Using spatiotemporal prediction models to quantify PM2.5 exposure due to daily movement†
Abstract
To date, epidemiological studies have generally not accounted for the spatiotemporal variations in PM2.5 concentration that populations experience. These studies typically infer exposure using home address and annually-averaged concentrations measured by a few centrally-located monitors. To quantify the impact of spatiotemporal variation on exposure estimates, this study uses land-use random forest models to estimate daily-average ambient PM2.5 concentrations in Allegheny County, USA. The data were collected using a network of 47 low-cost air quality sensors, and predictions were made for 50 × 50 m grids in Pittsburgh.

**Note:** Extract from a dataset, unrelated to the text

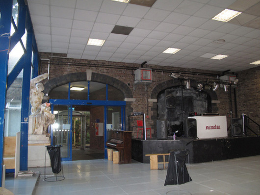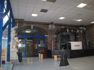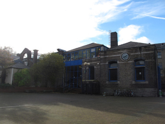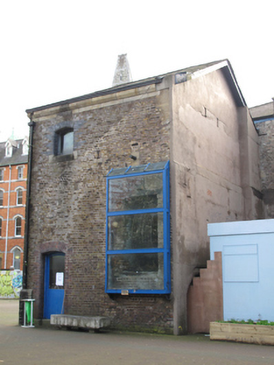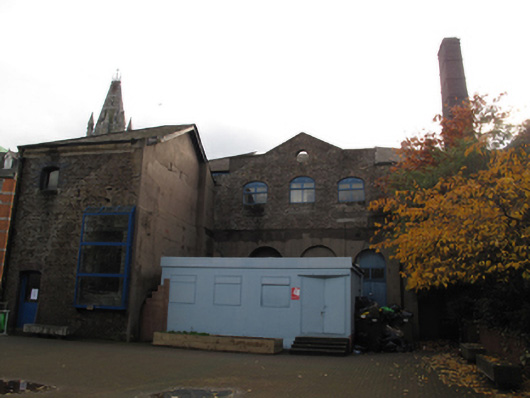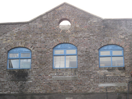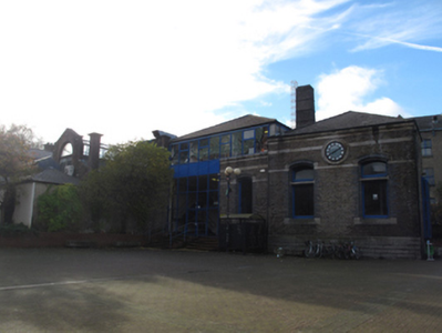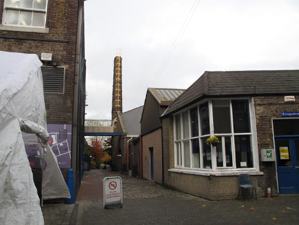 Attached double-height gable-fronted former distillery, built c.1870, having square-profile chimney to front (west) elevation, single-storey three-bay extension to south, curved corner to north-west and two-bay projecting engine house to north. Now in use as art college. Hipped artificial slate roof with terracotta ridge tiles and recent rooflights. Raised barges with render coping. Granite coping to parapets. Brown brick to chimney, granite coping and cast-iron quoins and braces. Recent steel ladder adjoining south elevation. Truncated segemental-headed openings flanking base of chimneystack to front, red and black brick surrounds, some cast-iron machinery, blocked. Pediment to parapet to north elevation, oculus to apex. Brown brick laid in Flemish bond to walls. Granite eaves course, platbands and rusticated granite plinth course having carved granite coping to rear (east) elevation of engine house. Rendered walls to west elevation of engine house and to ground floor to north elevation. Cast-iron wheel stops to corners to front. Bull-nosed black brick piers to front of extension to south. Square-headed opening to basement level to front, cast-iron frame, opening blocked. Clock face to engine house, carved granite surround. Segmental-headed window openings to north elevation, replacement timber-framed windows. Segmental-headed window openings to east elevation of engine house, bull-nosed black brick surrounds, chamfered granite sills and carved granite hood moulding, replacement timber framed windows. Square-headed opening to north elevation of engine house, recent glazed panel over, remains of beam engine visible to interior. Carriage arches to south elevation, now contained within recent addition, elliptical-headed arches, bull-nosed moulded black brick surrounds and granite keystones. Round-headed door openings to front of single-storey extension to south, black brick bull-nosed voussoirs, recent timber door and plain fanlight to opening to south, blocked to opening to north. Round-headed door opening to ground floor to north elevation, double-leaf timber battened door and part-glazed tympanum. Segmental-headed carriage arch to front, double-leaf timber battened door. Segmental-headed door opening to east elevation of engine house, bull-nosed voussoirs and half-glazed timber battened door.

Residential (PR) and commercial (PC) probability weighting values were assigned to each grid. The daily-average predictions were divided into “weekday” and “weekend” concentrations for each grid and averaged annually to estimate total annual exposure. Weighted stratified sampling was conducted using PR and PC values as probabilities, and weekdays and weekends as strata. Static models (population spends 24 hours per day in a fixed residential area) and dynamic models (estimates that account for time spent in residential and commercial areas) were created using these samples. The daily-average predicted concentrations across all grids ranged from 4–75 μg m−3 (μ = 12.0 μg m−3). Weekend concentrations were 10% higher than weekday concentrations, and commercial area concentrations were 9% higher than residential areas. These results support the hypotheses that exposure profiles vary due to movement between different areas and that exposure is underestimated when residents' mobility is ignored. Furthermore, exposure estimates may be affected due to the observed existence of temporal variations between weekdays and weekends. As low-cost sensor networks adoption grows, this work suggests that epidemiological exposure models can leverage these data to further refine exposure estimates and identify behaviors that may reduce exposure.